At approximately 08:30 this morning one of our trusted peers started to experience network issues which translated as sending increased prefixes via our BGP interconnect (Border Gateway Protocol) (500,000 instead of the usual 10,000 routes).
Our automated systems detected this and shut the sessions down, however owing to a configuration timeout issue the sessions then re-established a few minutes later and the same 500,000 routes re-appeared causing a flap.
Engineers quickly spotted this and shut down the offending sessions manually, as well as resolving the timeout issue which means that this sort of thing should not happen in the future as now if a peer trips our “max prefix” limits those sessions will stay down until they are manually cleared.
As a result of the flapping routes, one of our core routers ran into what we assume was a memory problem and became unresponsive. Unfortunately routes that this router was primary for ended up in a stuck state on our route servers and despite the core router going offline (and a backup taking over) a number of routes to servers in IP House remained affixed to the broken router.

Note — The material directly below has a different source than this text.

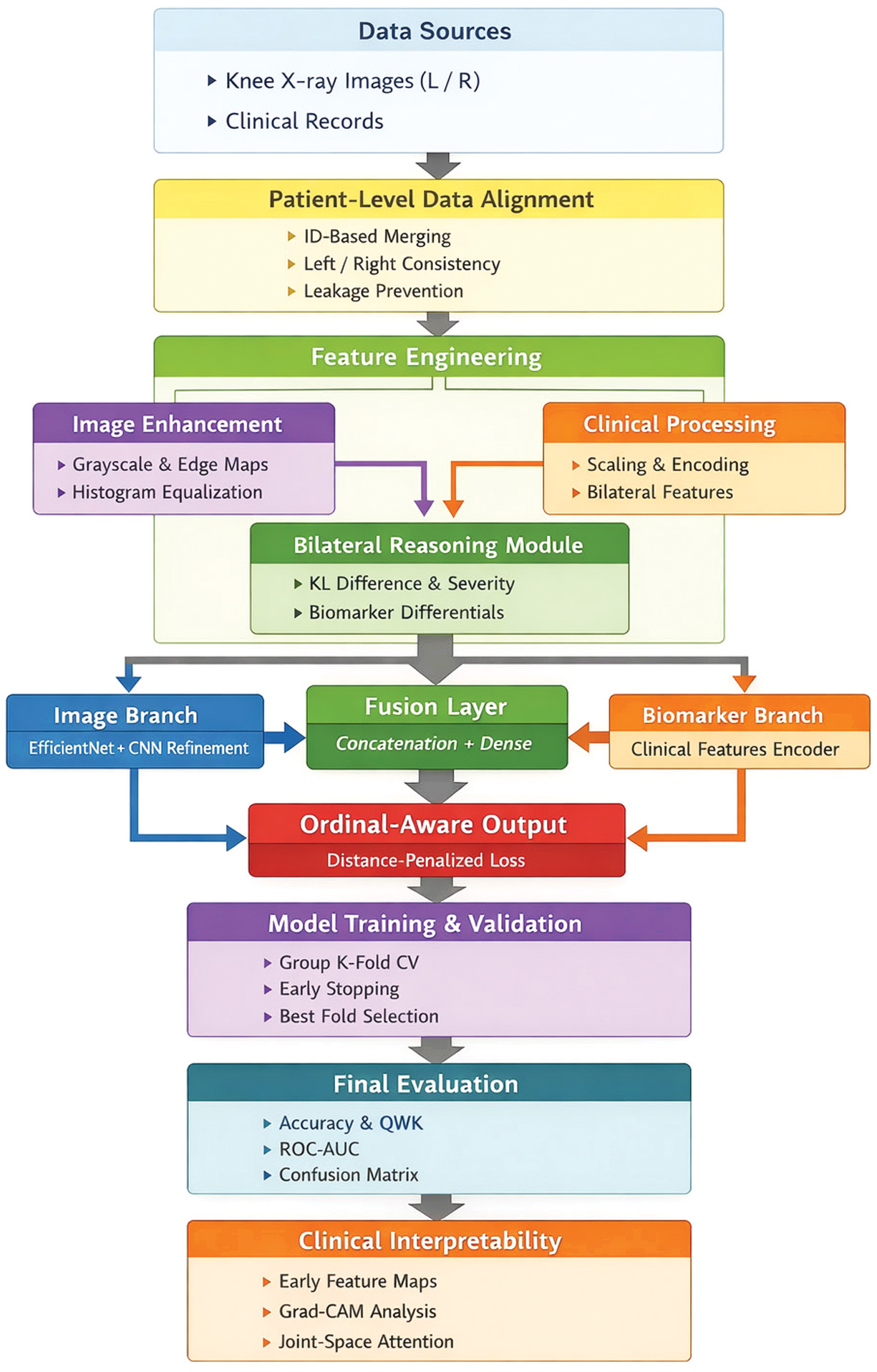 We proposed a KOMMCF: an innovative classification strategy that integrated clinical parameters, biomarker profiles, and X-ray imaging to enhance KOA diagnosis, alongside a modified KL grading scheme that merges grades 1 & 2 and 3 & 4 for streamlined classification. The framework preprocessed X-ray images via grayscale, sharpening, and Contrast Limited Adaptive Histogram Equalization (CLAHE)-based contrast enhancement, histogram equalization, and Canny edge detection to capture the outlines and bone contours that are key indicators of osteoarthritis progression. CNNs extracted features via convolution layers with ReLU activation, feature reduction via global average pooling, and a fully connected dense layer. Multi-layer perceptron (MLPs) extracted clinical data features via transforming input data through dense layers with ReLU activation.
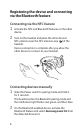 Registering the device and connecting via the Bluetooth feature Connecting via the NFC feature 1 Activate the NFC and Bluetooth features on the other device. 2 Turn on the headset and place the other device’s NFC antenna near the NFC antenna area ( ) of the headset. Device connection is complete after you allow the other device to connect to your headset. Connecting devices manually 1 Slide the Power switch to pairing mode and hold it for 3 seconds.

By 09:25 engineers were on site and started to investigate the issue which we initially thought was a break in part of our fibre ring. Once this had been ruled out we then set about power cycling the affected router and normal service was restored by approx 09:45
We would like to apologise for any inconvenience caused by this period of instability. Engineers are monitoring the situation and will take further action if necessary today should the network exhibit any further instability.